Ну, нет – пусть лучше сам всё увидит, когда он, Мишка, первым сорвёт расшитую золотом ленту с Майского дерева.

― О-о, кого я вижу! А я уж решил, что ты перепугался и копошишься в ворохе вонючей рыбьей чешуи, прелые сети чинишь, ― Филька соскочил со своего громоздкого экипажа, состоящего из трёх деревянных колёс и огромного плетёного барабана, увенчанного кабиной в виде соломенного шалашика. Он невероятно гордился своим ремеслом землепашца, и постоянно подтрунивал над Мишкой, уроженцем рыбацкой деревушки. А ещё Филька ненавидел Мишку за то, что тот не раз уже оставлял его с носом на весенней гонке. Мишка, кстати, недолюбливал Фильку за то же самое, если прибавить ещё и невероятную заносчивость. Прочих участников соревнований они в расчёт привыкли не брать – те всегда оставались далеко позади. Всегда.

― А что это за воздушный шарик у тебя, Миха? Никак рыбий пузырь дымом накачал? Ха, и на этом ты хочешь меня обогнать, ― Филька скалился во все зубы, совершенно не стесняясь чёрных прорех, одну из которых пару лет назад ему подарил Мишкин кулак. Вот и сейчас тот же кулак стал жутко чесаться, но Мишка сдержался. В этот раз он был в себе уверен. Он обещал Дарье золотую ленту с майского дерева, и он её принесёт – тогда отец девушки согласится отдать свою дочь настоящему победителю.

Мишка неспешно подтянул за верёвку накачанный дымом пузырь, и стал подвязывать к петлям обмотанные шпагатом камни. Это было необходимо, чтобы пузырь не крутился, когда Мишка оседлает его. Всё, готово! Привязав верёвку к столбу, Мишка уверенной походкой приблизился к давнему сопернику.

― Зря зубы скалишь, Филька. Ты на своём крысоходе только по дороге ехать сможешь, а моему прыг-пузырю любая тропка сгодится.

― Сильно скакать придётся. Смотри, не надорвись.

Мишка еле сдержал себя, чтобы в запале не разболтать о сюрпризе, который скрывал его баллон с дымом. Вместо этого он подошёл к Филькиному тарантасу, и открыл небольшую клетку.

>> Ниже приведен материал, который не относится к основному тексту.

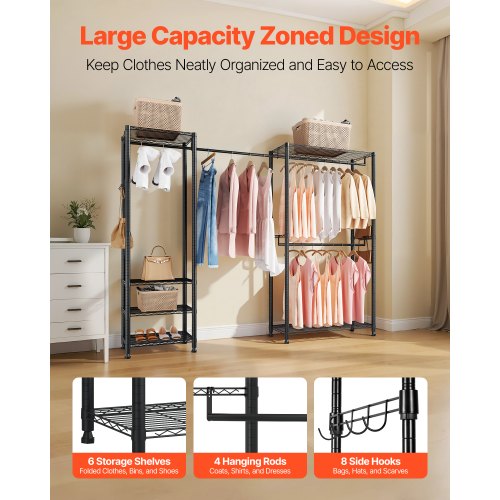 Organiserad förvaring: Denna rullande klädställning har en väl genomtänkt skiljeväggsdesign, utrustad med 6 rymliga hyllor, 4 hängstänger och 8 krokar, vilket ger gott om förvaring för dina kläder, skor, väskor, förvaringslådor och mer.

― А ты чего, котолизатор поменял?

― Да, нет – это же Васька. Не узнал? Заматерел слегка, отъелся, ― в голосе Фильки зазвучали нотки гордости. Мишка просунул в клетку руку и почесал пушистый подбородок кота. Васька приветственно мяукнул, после чего барабан задрожал, наполнился шорохом и отвратным писком. Протрубил рог сельского старосты, призывая участников готовиться к старту. Мишка с Филькой не стали желать друг-другу удачи.

Все разбежались по площади, рассаживаясь по самым причудливым экипажам. Мишка беззлобно усмехнулся, заметив девчонку, которая резво запрыгнула в продолговатую корзину на деревянных катках. Ох, уж эти неудачники! Могли бы просто собрать угощение для односельчан победителя вместо того, чтобы заставлять своих парней и… даже девчонок, всякий раз испытывать разочарование проигрыша. Мишкина деревня уже гудела в предвкушении трофейного пира. Филькина деревня тоже, но… нет, не в этот раз.

Прозвучал гонг.

― Васька, давай! ― звонко крикнул Филька, и кот, согласно мяукнув, угрожающе заурчал. Барабан крысохода завибрировал, огласив площадь истошным визгом. Филька отпустил тормозной крюк, и экипаж, влекомый стремительно крутящимся барабаном, устремился прочь с площади. Скользяки, самоскоки, парососы и прочие удивительные аппараты, с лязгом, скрипом, гулом и треском стали скрываться один за другим в облаке дорожной пыли.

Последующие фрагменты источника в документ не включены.